European banks’ strong run faces major test with earnings
By Tom Sims, Jesús Aguado and Valentina Za
FRANKFURT/MADRID/MILAN (Reuters) – European banks’ run of soaring profits and record shareholder payouts faces a big test this week when investors assess how fast the boost from higher interest rates is fading, and if a weak economic outlook will make life tougher.
Spain’s BBVA reports fourth-quarter numbers on Tuesday, Santander on Wednesday, Deutsche Bank and BNP Paribas on Thursday and UniCredit the following Monday. Other euro zone banks and Switzerland’s UBS follow.
The STOXX Europe 600 banks index hit its highest since mid-2018 this month, propelled by a recovery in profitability thanks to higher rates, record shareholder payouts and little provisioning for bad loans.
Yet as banking executives bask in the good times, investors are concerned that the tide is turning.
PAST THE PEAK
Retail-focused lenders which earn most of their money from the difference between loan income and deposit costs have benefited most from rising rates, but bigger, diversified banks such as Deutsche and BNP Paribas have also seen profits.
Investors appear jittery, however, with a small miss in fourth-quarter net interest income (NII) from Spain’s Bankinter last week causing a 6% drop in its stock price and dragging down rivals’ shares.
JP Morgan analysts warn that lower rates will lead to a “downgrade cycle” across the sector. After an estimated 22% net interest income (NII) jump in 2023, the bank expects European lenders to show limited NII growth this year and zero earnings growth.
UniCredit is expected to project a 4% drop in NII for 2024 according to the consensus forecast, Jefferies analysts said, although they expect the bank to beat expectations.
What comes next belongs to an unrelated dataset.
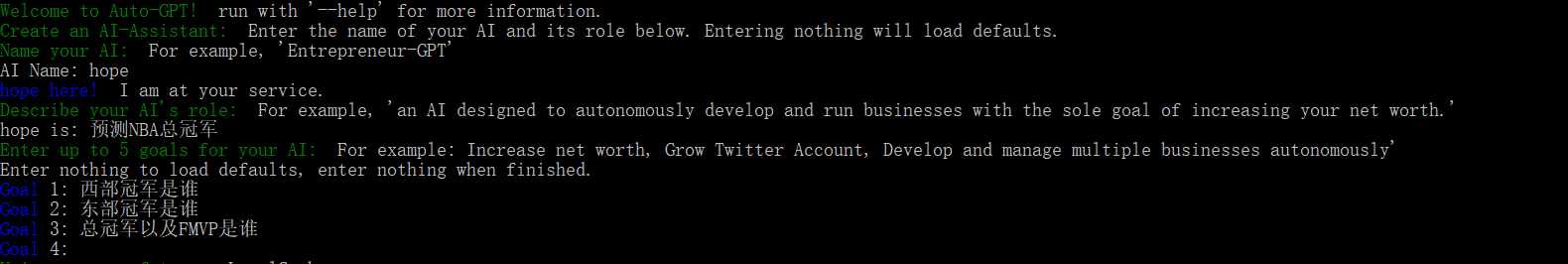 chatgpt是一问一答的形式,autogpt则是输入需要做的东西以及几个目标,例如:

It has excess capital – 10 billion euros ($10.9 billion) worth – that it needs to decide what to do with.
Analysts will also be listening closely to BNP Paribas’ results and what management decides to do with the excess capital it still has from the sale of Bank of the West.
NOT SO BAD
Not everyone believes falling margins are such a concern.
The average 2024 European interbank lending rate should be higher in 2024 than in 2023 and interest income will only “be down a bit”, said Sebastiano Pirro, chief investment officer at Algebris Investments, which holds shares in banks.
“What you are looking at for European banks is a 10-year inflection point,” he said, referring to a decade of negative euro zone rates that destroyed bank profitability.
“Today banks are making more money than they can distribute and capital ratios are going up,” he added.
Among other banks, Santander and BBVA are expected to report higher net profit and NII versus 2022, helped by their Spanish and Latin American businesses.
At Deutsche Bank the situation is less rosy. Analysts expect fourth-quarter net profit attributable to shareholders of around 700 million euros, down from 1.8 billion euros in 2022. That would still mark the 14th straight quarterly profit after years of losses.
WEAKER LOANS
Investors will also be watching closely to see if loan quality is worsening as higher interest rates bite.
Increased borrowing costs are yet to swell banks’ non-performing loan book, with the only real stress in commercial real estate, mostly in Sweden and Germany.
Algebris’ Pirro said that the clean-up of non-performing loans in recent years had been so extensive in southern Europe, and the demand for new loans so muted, that bad loans will remain small.
Still, weak economic growth forecasts will dampen loan demand across the bloc, and executives remain cautious.
Manfred Knof, Commerzbank CEO, told Reuters last week that he was bracing for another year of stagnation.
There’s no sign of a wave of defaults, but “companies are reticent to invest. The investment backlog in the German economy is getting bigger every day, we are already noticing that.”
INVESTMENT BANKING
The big five Wall Street banks reported fourth-quarter year-on-year falls in trading and investment banking revenues of 20% and 17%, respectively, although whole-year drops were far smaller, according to Barclays’ calculations.
Analysts will want to see how Deutsche Bank, BNP Paribas and UBS, which have large investment banking businesses, are faring.
Barclays analysts reckon fourth-quarter numbers in Europe will be similar to the third-quarter, with wealth management holding up and capital markets revenues up slightly while advisory fees are down.
MERGER CHATTER
Chatter about long-delayed European bank consolidation resurfaced this month, although it was quickly talked back down.
Deutsche Bank and Commerzbank CEOs poured cold water on the prospect of a tie-up in Germany. In Italy, UniCredit boss Andrea Orcel dismissed speculation it was buying shares in a smaller rival.
But with banks flush with more cash than they have been for years, expect executives to lay out how M&A – at the right price and at the right time – remains on the table.